– Шеф! Шеф! Чепе! Гименея схватили. Опять тащат на свадьбу.
– Это ты, Марс? Пальни из ракетницы, пусть разбегутся. Мельпомена, никаких вертолетов, раньше надо было думать. Аполлон, куда смотришь? Девять лаборанток - и никакого порядка!
– Шеф, это опять Марс. У меня только красные ракеты. Они поймут это как сигнал к войне.
– Пора бы знать, что причины у войн социальные. При чем тут цвет ракеты? Действуй!
– Папочка, какую статую мы сейчас грузим! Помнишь, я позировала одному скульптору? И представь себе, в храме никого не было.
– Немедленно вернуть статую в храм. Она - шедевр человека и принадлежит людям.
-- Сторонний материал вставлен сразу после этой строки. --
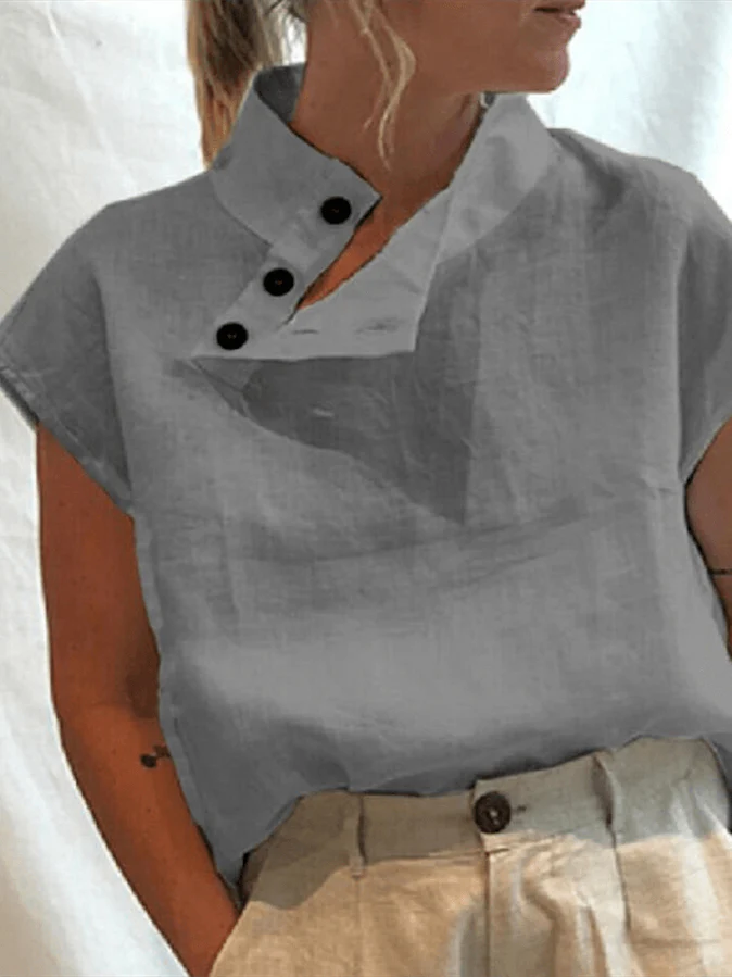 Karen - Col montant en coton mélangé 5XL T-shirt ample et simple

– Папочка, откуда такое почтение к храмам? Ты жо атеист.
– Лучше б вместо богини любви они придумали богиню уважения! Парнас! Парнас! Где Гименей? Где Прометей?
– Гименей уже на базе. Прометей на складе, получает взрывчатку. Чтобы не пугать местных жителей, предлагаю ненужное оборудование сбросить в кратер Везувия и взорвать его там. Тогда это будет принято за нормальное извержение.
– Это ты, Вулкан? Придумано неплохо. Действуй.
– Шеф, я Аполлон. Может, все-таки оставим что-нибудь? На память. Пусть знают, что мы были здесь.
– Они превратят наши приборы в идолов, в фетиши. Они будут мазать наши телевизоры и вертолеты бычьей кровью и поклоняться им. Все взорвать!
– Может, зароем таблицы? Клио их уже приготовила. Они откопают их, когда займутся археологией, прочтут, когда откроют кибернетику, когда они станут такими, как мы.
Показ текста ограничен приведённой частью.